Data mining isn't for the meek. Although it promises huge returns -- especially in the area of predicting customer buying habits, for instance -- there's still a lot to understand.
The purist's definition of data mining is the use of mathematical models to discover patterns in data that can then be used to make predictions. This is more proactive than traditional online analytical processing (OLAP), where people ask specific questions of data and then get specific answers through canned reports or other means.
For example, in a standard query tool, one might ask what products different types of customers bought. However a data-mining tool, if set up correctly, can tell you which products customers are likely to buy. Armed with this knowledge, customer service representatives can have much more accurate profiles of which customers to whom they might successfully up-sell or cross-sell other items.
But the accuracy of these predictions hinges on setting up the right algorithms to troll your databases -- or data that you might buy from outside sources. As such, mining is much closer as a discipline to domains like statistics or research, and is pretty far a field from IT. True data mining experts use -- and understand -- terms like regression, time series, predictive modeling, standard deviation and so forth.
The key is using the right data, and asking the right questions. Experts say that it's critical to go in with a particular problem you're looking to have solved. Then the algorithms you choose or develop can help point to patterns that you might not have known about.
Although data mining does not require a data warehouse to get going, it is that much easier if you have data that's already cleaned and pressed from multiple sources. Otherwise you'll have to start with "raw" data and spend a fair amount of time dealing with that issue.
While today's tools do shield users from many of the intricacies associated with data mining, it still pays to understand as much of the tool's underlying mathematical algorithms and assumptions as possible, said Herb Edelstein, a long-time data guru and now president of independent consultancy Two Crows Corp. in Potomac, Md. "It's like SQL programming. If you know how to use the optimization features, you get better code. But can you program SQL without knowing about optimization? Absolutely," he explained.
For that reason, Chubb & Son, the giant insurance concern in Warren, N.J., hired mathematics experts and statisticians before it even implemented SAS Institute's Enterprise Miner tool in January 2001, said Jeff Hoffman, vice president of business intelligence. It was important to hire experts that could help set up the right underlying algorithms and mathematical assumptions from the get-go, he said.
Payback and ROI can be elusive, which is why it's important to understand up front why you want to or need to invest in data mining. Chubb, for instance, started out using its SAS software as a marketing tool, to help understand customers' buying patterns and to help sell them more products. Now, however, the software is also being used to assess a customer's insurance risk based on multidimensional characteristics, Hoffman said.
"A focused statement usually results in the best payoff," Edelstein commented.
Data mining tools range in price from $20,000 or less to more than $250,000, depending on what you want to do. They come in several forms: traditional statistics or mining packages, OLAP tools and data mining functions that are part of other applications. In the standalone data mining field, Edelstein said that SAS, SPSS, Insightful and IBM are the leaders. Many of the OLAP tools have disappeared, he said, but one of his favorites comes from KXEN's Analytic Framework.
The real growth, analysts agree, will come in the last category of tools -- data mining merged with enterprise applications, including database management systems from the likes of Teradata, IBM and Oracle. Customer relationship management (CRM) software is also increasingly incorporating mining tools. Edelstein's favorite in this category is Blue Martini, but other names here include DataDistilleries, E.piphany, Identix, PeopleSoft and SAP. An up-and-coming application for data mining is supply-chain management.
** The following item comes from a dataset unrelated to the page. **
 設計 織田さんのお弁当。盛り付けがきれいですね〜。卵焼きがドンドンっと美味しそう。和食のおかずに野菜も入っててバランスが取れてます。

But even more important than the tools is the process used to perform data mining and the team formed to do so, said Alexander Linden, research director of emerging trends and technologies at Gartner Group Inc. in Stamford, Conn. "Data mining requires completely different skill sets than most IT organizations possess," he said. "You need the right team of people, which include quantitative analysts, IT, financial and business people. It's difficult to get all of them together, which is one of the reasons why data mining is still not widely used in most organizations."
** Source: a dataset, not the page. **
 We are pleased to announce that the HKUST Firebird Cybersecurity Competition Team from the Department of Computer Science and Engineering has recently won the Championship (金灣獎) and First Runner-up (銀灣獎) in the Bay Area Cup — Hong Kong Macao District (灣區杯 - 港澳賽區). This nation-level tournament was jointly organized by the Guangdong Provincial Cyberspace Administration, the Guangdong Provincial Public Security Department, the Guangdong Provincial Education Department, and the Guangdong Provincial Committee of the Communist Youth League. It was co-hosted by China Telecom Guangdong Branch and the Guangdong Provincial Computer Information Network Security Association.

One reason for the slow growth may be that data mining, if used correctly, can change how people make decisions. But people can be pretty vested in what they perceive as their knowledge base and may loathe changing.
One of the big surprises at Chubb, Hoffman said, was the need to build workflow and other processes to be able to make effective use of all the new information that mining yields. "The ability to operationalize the use of derived data is not simple," he said. "In most cases, people have not had the type of information we're now able to supply."
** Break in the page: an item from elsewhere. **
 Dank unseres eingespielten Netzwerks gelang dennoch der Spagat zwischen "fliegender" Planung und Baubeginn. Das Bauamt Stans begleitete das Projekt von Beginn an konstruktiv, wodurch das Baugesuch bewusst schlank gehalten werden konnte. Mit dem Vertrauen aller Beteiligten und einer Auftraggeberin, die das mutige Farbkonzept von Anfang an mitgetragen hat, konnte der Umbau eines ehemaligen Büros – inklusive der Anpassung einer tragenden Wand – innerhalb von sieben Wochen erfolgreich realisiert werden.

Dan Vesset, manager of IDC's data-access program in Framingham, Mass., said the market is ripe to grow after a period of stagnation due to the world economic situation. "I'm hearing a lot of demand and interest," he said. "The market was fairly flat, but it was just a matter of customers postponing buying decisions." Particularly interested are telecommunications and financial institutions that want to use data mining for more efficient fraud detection, he said.